Data provided:
§ §
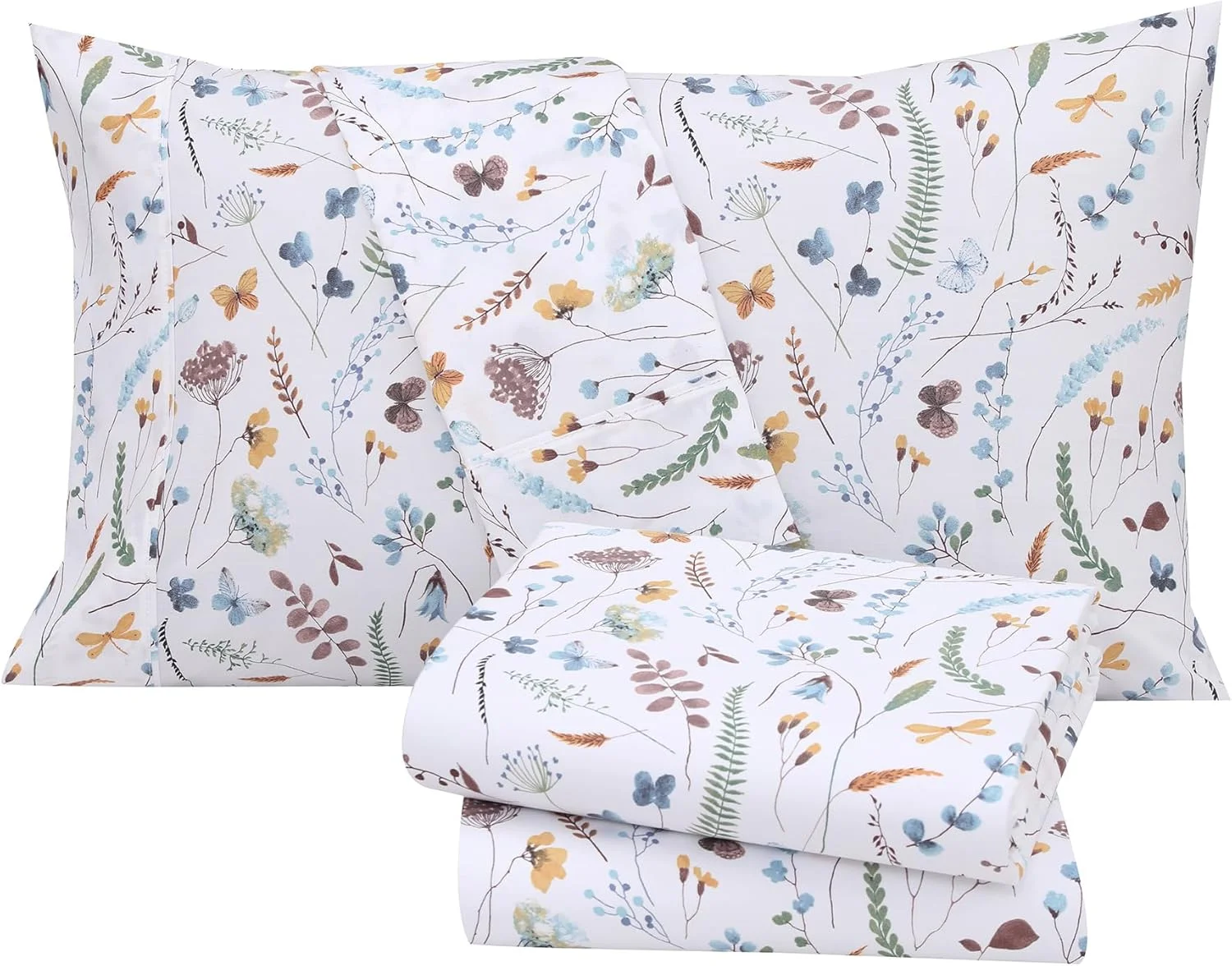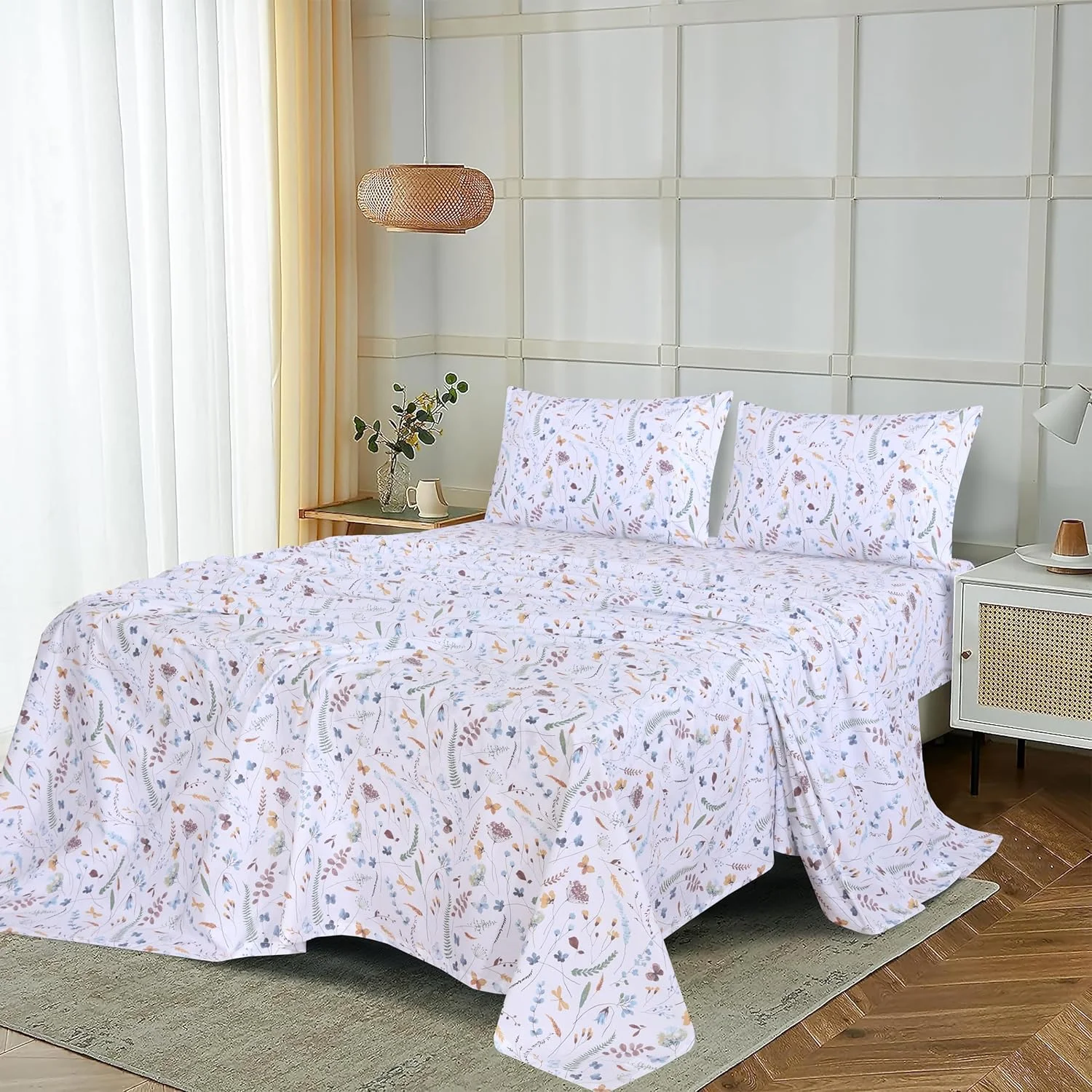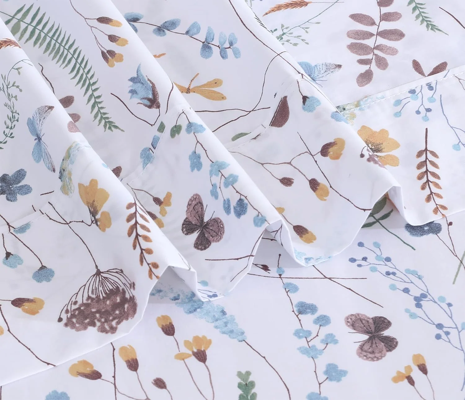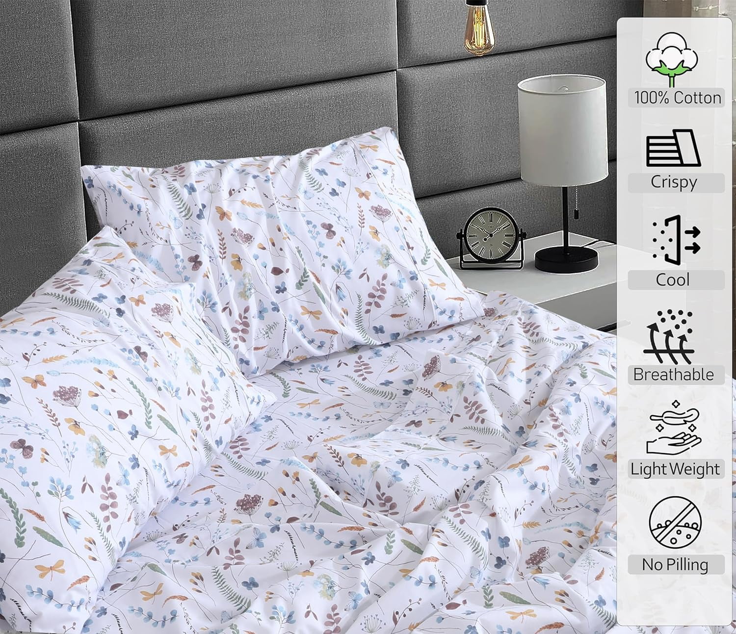 King Size Sheet Set, 100% Cotton Percale 4-Piece Bedding, Soft & Breathable Deep Pocket 16" Hotel Style Cooling Sheets, Classic Fern Floral Design
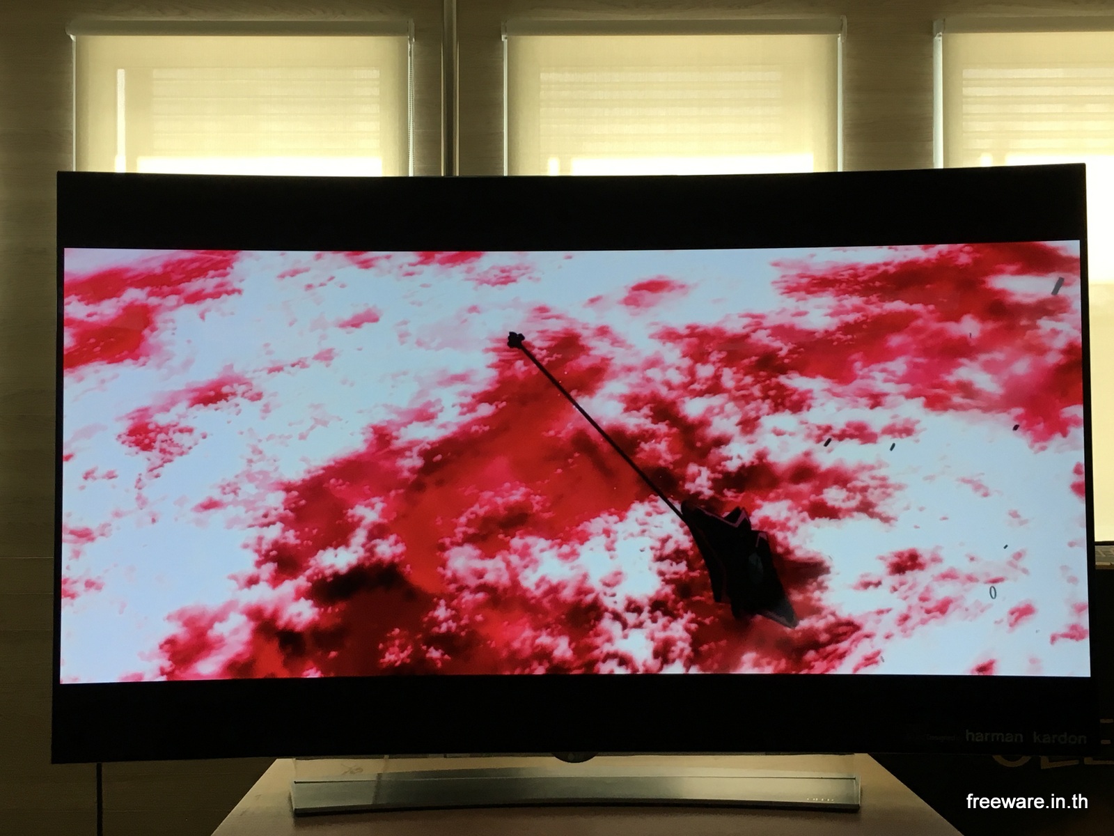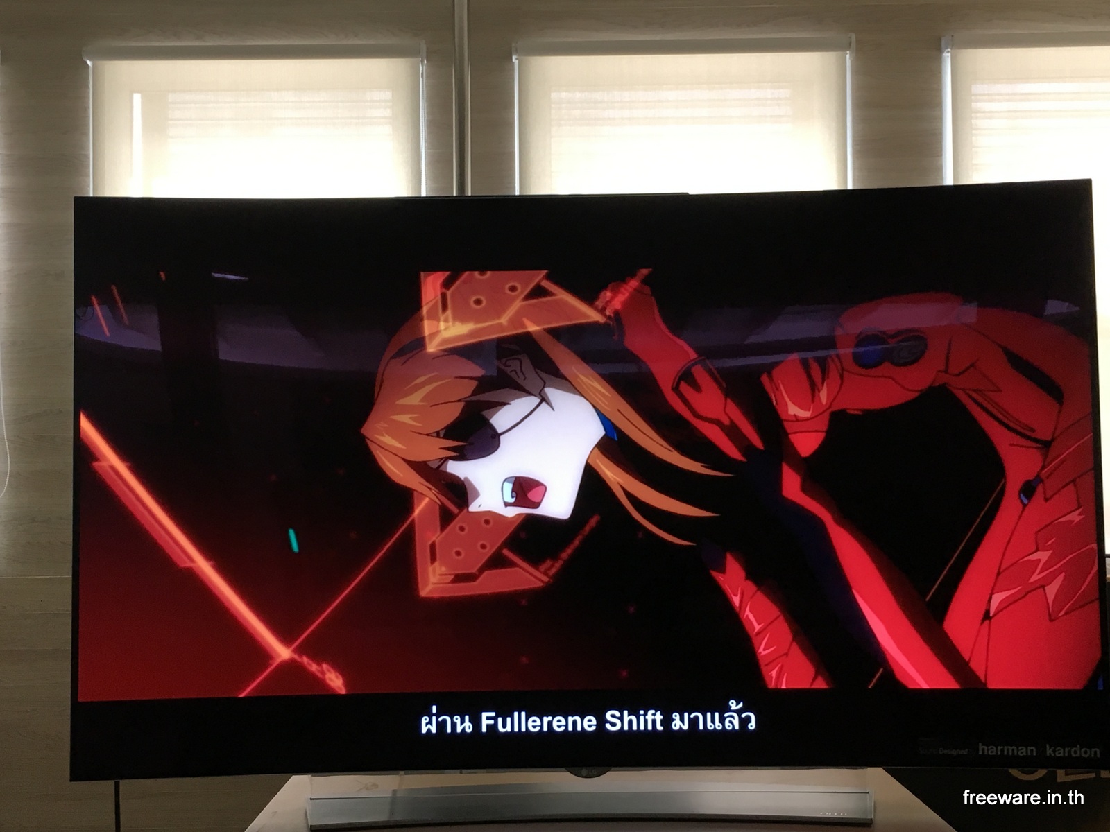 จากงานภาพยนตร์มาดูงาน Anime กันบ้าง ผมทดสอบกับ Evagelian Shingekijouban Q ซึ่งเป็นภาคล่าสุด กับฉากที่ EVA-02 ขึ้นไปสู้กับเทวทูตบนอวกาศ ที่เลือกฉากนี้ก็เพราะอยากดูฉากอวกาศมันส์ๆนี่แหละครับ ตัวจอมีเทคโนโลยีชื่อ Clear Motion ที่ทำให้การแสดงผลลื่นนวลตา ดูแล้วไม่ตาลาย ผลก็คือ ตัว Anime สีสดสมจริง การเคลื่อนไหวในฉากต่อสู้ที่ฉับไว แต่ไม่ตาลายปวดหัว ภาพนุ่มลื่นไหลเหมือนเคี้ยวเนื้อวะกิวเกรด 5 จริงๆเลย โอ๊ยยย มันช่างแจ่ม
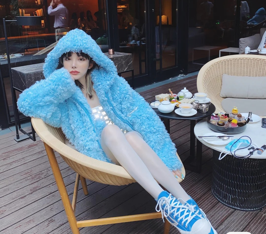 秋冬就是要穿的毛茸茸的可爱啊!版型宽松是完全不挑身材的一款,搭配运动裤休闲,搭配SMFK家的袜子也很亮眼。
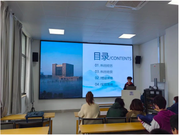 杨致津同学围绕着“科创经历”、“科创收获”、“精益求精”、“实现落地”这几个方面和大家进行了分享。他分享了参加科创比赛对自己的影响和改变,鼓励在座的同学们要敢于尝试,科创项目是机会是挑战,坚持不懈终将有所收获。
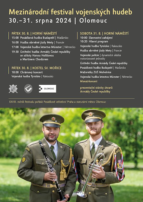 „Letošního XXVIII. ročník festivalu se zúčastní opět čtyři zahraniční orchestry. Z domácích se představí Ústřední hudba Armády České republiky se svým novým showprogramem. V rámci festivalu se můžete těšit například na chrámový koncert vojenské hudby z Rakouska nebo na netradiční nástrojové obsazení a uniformy orchestru z Francie. V rámci hlavního programu festivalu bude zajímavé vidět hudebníky z Německa, Maďarska, či dynamickou ukázku motorizované jednotky Vojenské policie nebo vystoupení mažoretek. Rád bych také pozval posluchače na koncert Ústřední hudby Armády ČR se sólisty Hanou Holišovou a Martinem Chodúrem, který se koná v předvečer zahájení festivalu na Horním náměstí v 19:30 hodin,“ přiblížil velitel Posádkového velitelství Praha plukovník Radek Šíba
§ §
Task statement: Nothing but the lines from the line containing "จากงานภาพยนตร์มาดูงาน Anime กันบ้าง" through the end of the data, both ends included, is to be reproduced, exactly as written and without the pictures.

Answer section:
 จากงานภาพยนตร์มาดูงาน Anime กันบ้าง ผมทดสอบกับ Evagelian Shingekijouban Q ซึ่งเป็นภาคล่าสุด กับฉากที่ EVA-02 ขึ้นไปสู้กับเทวทูตบนอวกาศ ที่เลือกฉากนี้ก็เพราะอยากดูฉากอวกาศมันส์ๆนี่แหละครับ ตัวจอมีเทคโนโลยีชื่อ Clear Motion ที่ทำให้การแสดงผลลื่นนวลตา ดูแล้วไม่ตาลาย ผลก็คือ ตัว Anime สีสดสมจริง การเคลื่อนไหวในฉากต่อสู้ที่ฉับไว แต่ไม่ตาลายปวดหัว ภาพนุ่มลื่นไหลเหมือนเคี้ยวเนื้อวะกิวเกรด 5 จริงๆเลย โอ๊ยยย มันช่างแจ่ม
 秋冬就是要穿的毛茸茸的可爱啊!版型宽松是完全不挑身材的一款,搭配运动裤休闲,搭配SMFK家的袜子也很亮眼。
 杨致津同学围绕着“科创经历”、“科创收获”、“精益求精”、“实现落地”这几个方面和大家进行了分享。他分享了参加科创比赛对自己的影响和改变,鼓励在座的同学们要敢于尝试,科创项目是机会是挑战,坚持不懈终将有所收获。
 „Letošního XXVIII. ročník festivalu se zúčastní opět čtyři zahraniční orchestry. Z domácích se představí Ústřední hudba Armády České republiky se svým novým showprogramem. V rámci festivalu se můžete těšit například na chrámový koncert vojenské hudby z Rakouska nebo na netradiční nástrojové obsazení a uniformy orchestru z Francie. V rámci hlavního programu festivalu bude zajímavé vidět hudebníky z Německa, Maďarska, či dynamickou ukázku motorizované jednotky Vojenské policie nebo vystoupení mažoretek. Rád bych také pozval posluchače na koncert Ústřední hudby Armády ČR se sólisty Hanou Holišovou a Martinem Chodúrem, který se koná v předvečer zahájení festivalu na Horním náměstí v 19:30 hodin,“ přiblížil velitel Posádkového velitelství Praha plukovník Radek Šíba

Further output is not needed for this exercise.